I have been gathering together poems I’ve written with the hopes they could become a chapbook. I’ve figured out the title and direction I want the book to go. And the two projects are keeping me focused. Better yet, the research was a boost to both and a good day spent out of the office.

Monday, June 21, 2010

Setting Again:

I’m just back from a much-needed vacation, doing nothing much more than eating, napping, reading, shooting (yep, shooting) and enjoying nature. As I’ve been in the frame of mind of setting, here I was in a setting that…forms a great deal of warp and weave to the tapestry of my life. Our family has been vacationing to the Uintah Mountains since before it was a family. This place is part of my husband’s family history. Not so much mine, but I was introduced with complete awareness to the importance of that, (Maybe, not complete) and, after some difficulty (on my part mostly) I have come to love the area.
(This is Smitty's Basin where an old sawmill use to be.)


It didn’t come over night, though. That love. First, I am a secret obsessive compulsive. Secret because I try to hide and fight the worst of it. Second, after the first two introductions: I got carsick driving over the seventeen-mile dirt road. (At that time, most likely more than seventeen… I never got carsick except when my father drove), I fell off my horse when it jumped an unexpected ravine ( yes, I got back on. I had to. The poor horse looked embarrassed for me), I didn’t go back until I brought with me, my first and second born. Now, being obsessive compulsive and an overprotective mom to boot, the place felt like the farthest wilderness. What the hell was I doing there?
Rough terrain, dark forests, a night sky so deep with stars so bright, elk, deer, bear and…WOODTICKS. The Amazon. Foreign, frightening. I was way out of my comfort zone. I was an alien in a strange world. I wanted nothing more than to go home. I was Dorothy and there was no fake wizard, no balloon.
And… I had history with WOODTICKS.

Setting, the way character reacts to setting and emotion.
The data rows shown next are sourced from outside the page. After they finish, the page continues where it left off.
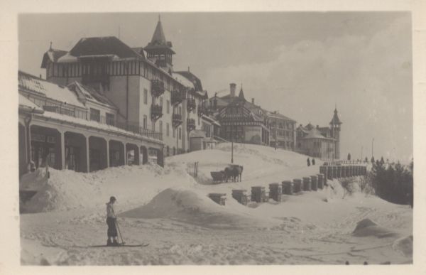 Widok na zabudowę Szczyrbskiego Jeziora w zimowej scenerii. Na pierwszym planie narciarz.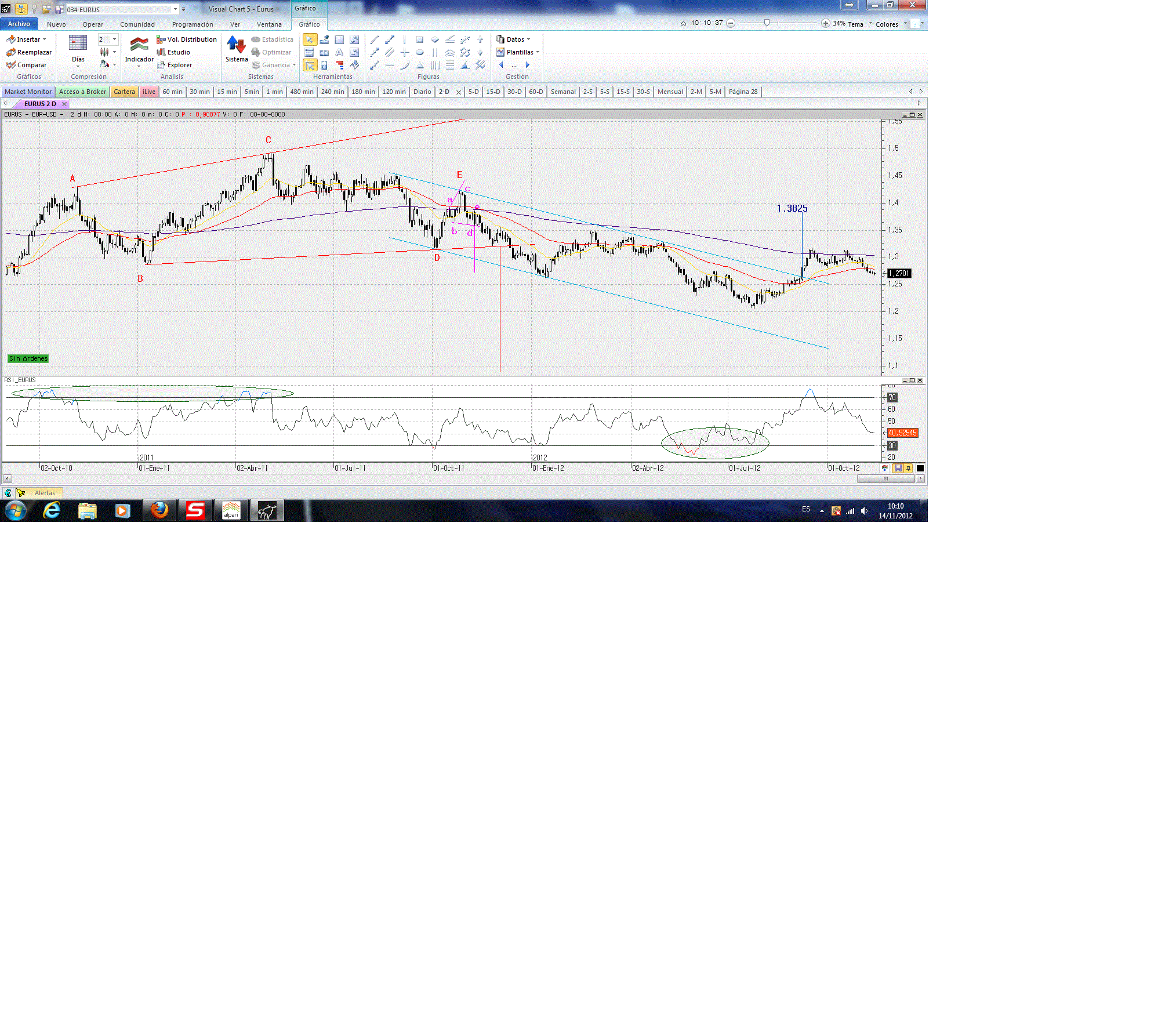 En cuanto a esa proyección coincido exactamente con los de Goldman (incluso ya lo anuncié aquí cuando se rompió el canal bajista que os muestro en celeste). Si rompiese el 1,328 la subidita mínima nos llevaría a 1,4019. Implicaría un semifallo de la estructura bajista, un tipo de fallo que no es muy probable pero ya lo he visto antes. Y digo semifallo porque no invalida el objetivo bajista de 1,075, pues para que se invalidara plenamente debería superarse el 1.4247ParetoPao escribió:sabes quien dice "estar largo" : ? o mejor dicho, decir q el euro va parriba ( a 1.40 en 12 meses) : ? Goldman Sachs....aunq de esos...a ver quien se fia de lo q dicen jejejejeje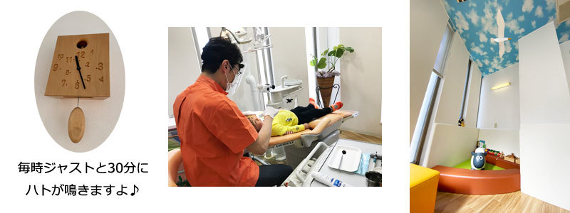 こどもにきれいな歯をプレゼントしたいというお父さん・お母さんと同じ気持ちで診療しています。ですから、お子さんがまた来たいと思ってもらえるように、怖いイメージを与えないようにしています。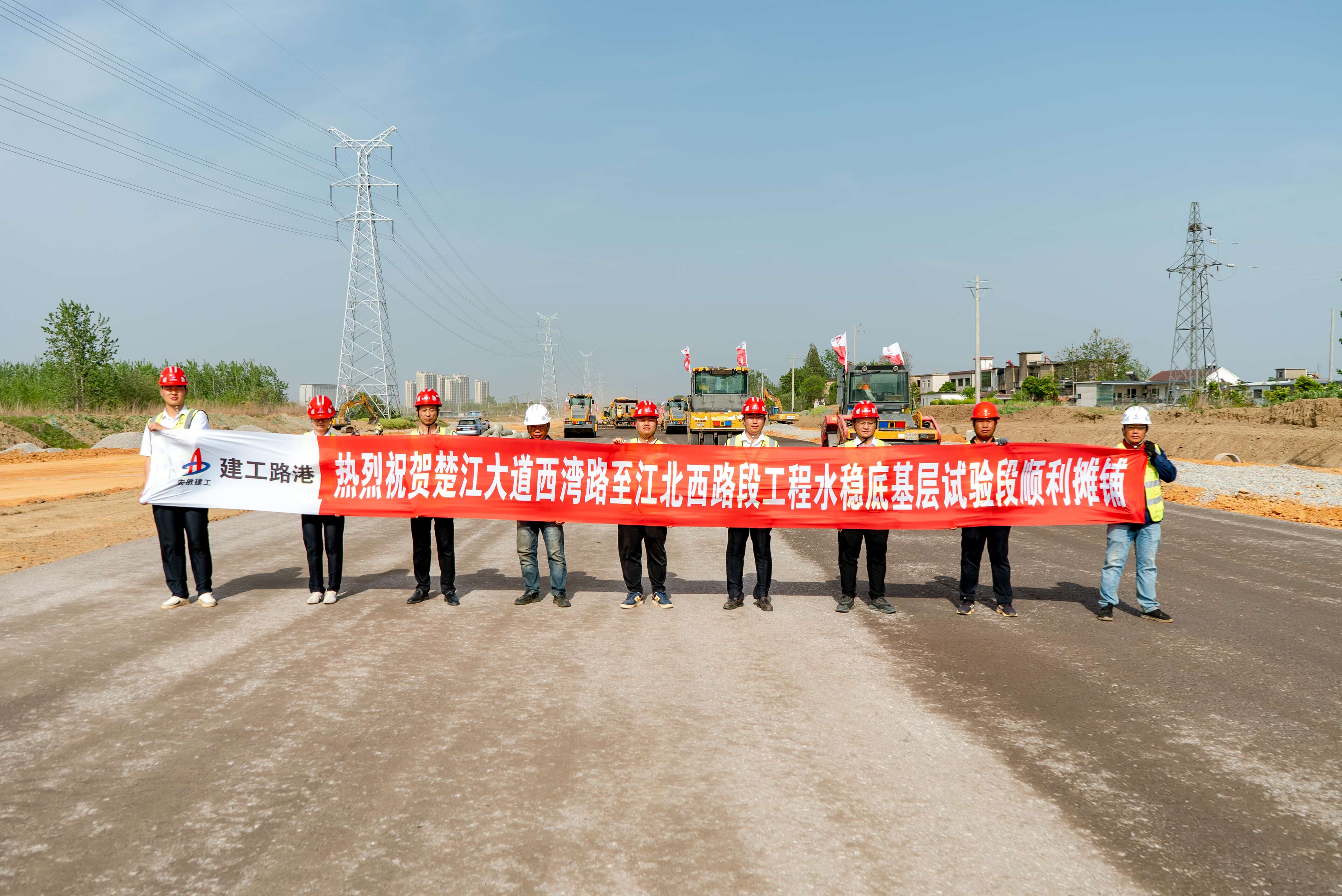4月17日,建工路港楚江大道西灣路至江北西路段工程項目水穩底基層試驗段順利攤鋪,標志著項目正式進入大規模路面施工階段。

My shooting started out as research. As a writer of western historical, I wanted to learn a little about shooting a pistol. I had passed a NRA class many years before. I knew how to shoot a rifle, could look up what I needed as far as parts of a revolver, the mechanics and such, but I wanted to know how hard it was to be accurate, what it felt like to hold the pistol in an outstretched arm and sight down the shorter barrel.
I love to shoot as long as it’s a paper target or soda can. I love the smell of gunpowder, the smoke rising from the barrel, the ricocheting sound off canyon walls, the kick of a gun.

I love fishing. I’m just not all that fond of catching. But I had three boys and learned to help them take fish off the hook, fill a bobber with water from the lake, catch and release, restring a fishing pole, untangle a line, retie on a proper fly. Yes, sometime, in some story I write I will use every bit of it.

Aren’t we lucky, us writers? No better way to stay curious and young.
(The big fish is mine.)

Thursday, January 14, 2010

Shotgun

It sits in the corner of my office, a relic. A Damascus twist double barrel glinting gunmetal old, the stock, hand-worn walnut filled and repaired. The etchings on the frame and hammer rubbed away in places speak of use and whisper history and stories I long to hear.

I’ve lusted after double-barrel shotguns at every antique fair I’ve ever gone to. I’ve always wanted one. But this, an early Valentine gift, is more than I’d ever hoped for. It’s not mint condition; rather, it’s charming in its imperfections.

I don’t know how old it is. Can’t find out anything about it on the internet, other than it was likely built before 1899, which is just another reason to love it. I love old things and nothing as much as old western things.

So, what stories could it tell me? What quirks would it have if it were safe to use? Who owned it? What were they like? What story will I grow from this unexpected gift? This seed.